Healey’s office said the administration will reevaluate the hiring freeze once the fiscal 2026 budget “has been signed and implementation is underway.” Lawmakers typically take until several weeks into the fiscal year that starts July 1 to complete their work on the budget.

State tax collections with two months left in fiscal 2025 are running $2.7 billion or 7.8 percent above collections through the same stretch of fiscal 2024, and $1.9 billion or 5.5 percent above benchmarks. The surtax on high income households and capital gains tax revenues, two streams with limitations on how they can be used, are driving the growth.

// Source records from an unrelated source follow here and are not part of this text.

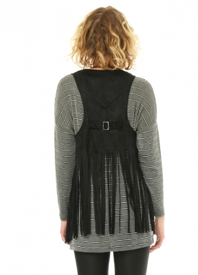 Siyah Püsküllü Süet Yelek | Ylk12996
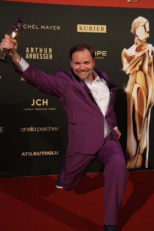 Thomas Stipsits wurde für „Love-Machine“ & „Geschenkt“ als Beliebtester Schauspieler Kino/TV-Film geehrt. Charmant meinte er: „Ich darf heute mit zwei Frauen heimgehen. Beide fast gleich alt und wunderschön“.
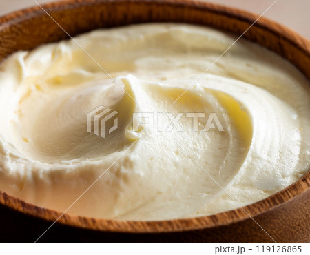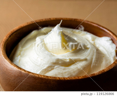 木製ボウルに盛り付けたホイップバター
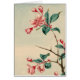 Das Zeichnen zeigt eine Niederlassung eines Baums der japanischen Pflaume, mit Blätter und rosa Blüten. Zeichnen von der Bibliothek der Kongreßsammlung (Japanerdrucke und -zeichnungen).
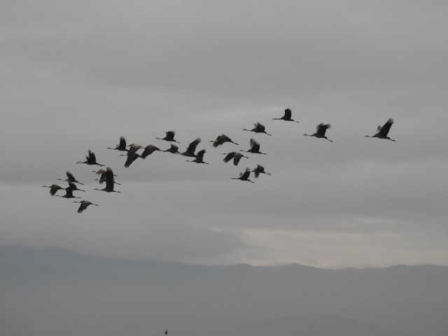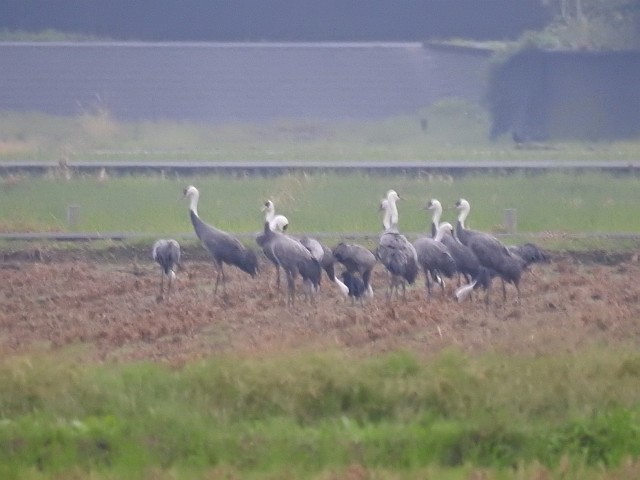こちらでも朝、雨の中旋回する6羽のツルが目撃されました
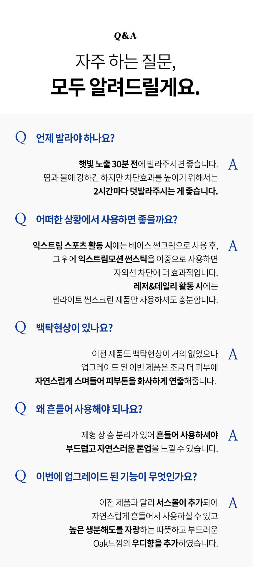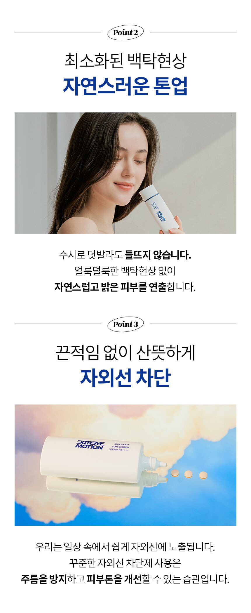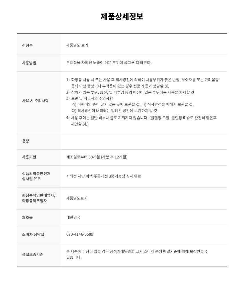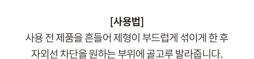 3. 강력한 자외선 차단 성능으로 사용후에는 일반 비누나 세안제, 물로는 지우기가 힘듭니다. 꼭 클렌징 오일, 클렌징 티슈로 완전히 닦은 후 세안하시기 바랍니다.

Gorzkowicz said Tuesday that non-surtax collections are “flat or slightly below benchmark.”

Healey and top Democrats in the Legislature so far have opted not to revise their revenue collection forecasts for fiscal year 2026, including a tax revenue estimate crafted in January before Trump took office.

The governor, the House and the Senate Ways and Means Committee all moved to increase state spending by between $3.6 billion and $4.2 billion next fiscal year, according to the Massachusetts Taxpayers Foundation, growth fueled in part by a larger available pot of surtax dollars.

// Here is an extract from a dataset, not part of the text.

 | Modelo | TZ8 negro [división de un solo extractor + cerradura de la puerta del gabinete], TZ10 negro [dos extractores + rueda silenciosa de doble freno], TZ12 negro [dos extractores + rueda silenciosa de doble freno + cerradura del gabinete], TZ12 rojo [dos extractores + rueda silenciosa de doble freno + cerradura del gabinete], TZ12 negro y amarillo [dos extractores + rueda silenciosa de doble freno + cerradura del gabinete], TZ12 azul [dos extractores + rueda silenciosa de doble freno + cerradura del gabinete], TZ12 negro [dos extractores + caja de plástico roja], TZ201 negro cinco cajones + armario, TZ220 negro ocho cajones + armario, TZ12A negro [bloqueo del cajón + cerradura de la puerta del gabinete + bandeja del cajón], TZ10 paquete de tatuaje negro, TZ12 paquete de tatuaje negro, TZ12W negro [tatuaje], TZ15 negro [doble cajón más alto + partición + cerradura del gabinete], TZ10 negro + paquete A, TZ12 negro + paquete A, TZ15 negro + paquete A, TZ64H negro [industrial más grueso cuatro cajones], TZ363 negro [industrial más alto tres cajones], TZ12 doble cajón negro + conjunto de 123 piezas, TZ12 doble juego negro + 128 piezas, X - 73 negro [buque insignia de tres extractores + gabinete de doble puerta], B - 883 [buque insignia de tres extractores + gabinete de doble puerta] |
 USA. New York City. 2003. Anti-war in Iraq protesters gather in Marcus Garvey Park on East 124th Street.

Healey’s version of the bill featured a series of new taxes and tax increases, including a charitable donation cap and a tax on prescription drug manufacturers for excessive price increases, estimated to generate $471 million in revenue. The House dropped those provisions, leaving them ineligible for further consideration.

Senators will begin debate next week on their chamber’s budget bill, which will hit the floor with a proposed 6.3 percent increase in spending over the plan Healey signed last summer. Lawmakers typically add to the budget’s bottom line during proceedings, mostly via local earmarks.

A spokesperson for Senate President Karen Spilka declined to comment Wednesday on whether she still views that spending increase as prudent amid the new hiring freeze and warnings about economic uncertainty.

House Speaker Ron Mariano’s office did not reply to a News Service inquiry on the topic.

Senate Minority Leader Bruce Tarr described Healey’s move to freeze hiring as “a canary in the coal mine.”

“Those concerns are understandable with all of the uncertainty we face, the potential for an economic downturn,” Tarr said in an interview. “I think those are things we need to consider as we move forward with the budget debate.”

The Gloucester Republican said it might not be possible to reduce the size of the Senate budget bill before it hits the floor next week — amendments were due Friday — but he signaled he would be open to negotiators scaling back spending during the conference committee process.

“It’s always a difficult situation when a conference committee … makes significant changes to bills that have been voted on by each branch,” he said. “But in the past, necessity has dictated that some conference committees have had to significantly reduce the amount of the budget, and we could be headed for one of those situations.”

It’s the second straight year that Healey has imposed new limits on executive branch hiring. In April 2024, the administration implemented what officials at the time called “hiring controls” — not a “freeze” — that required Executive Office for Administration and Finance approval of new employees.

The administration allowed those measures to expire on Nov. 1. In the roughly six-month span the controls were in place, executive branch agencies hired more than 2,000 employees, and officials said at the time that the limits saved about $21 million.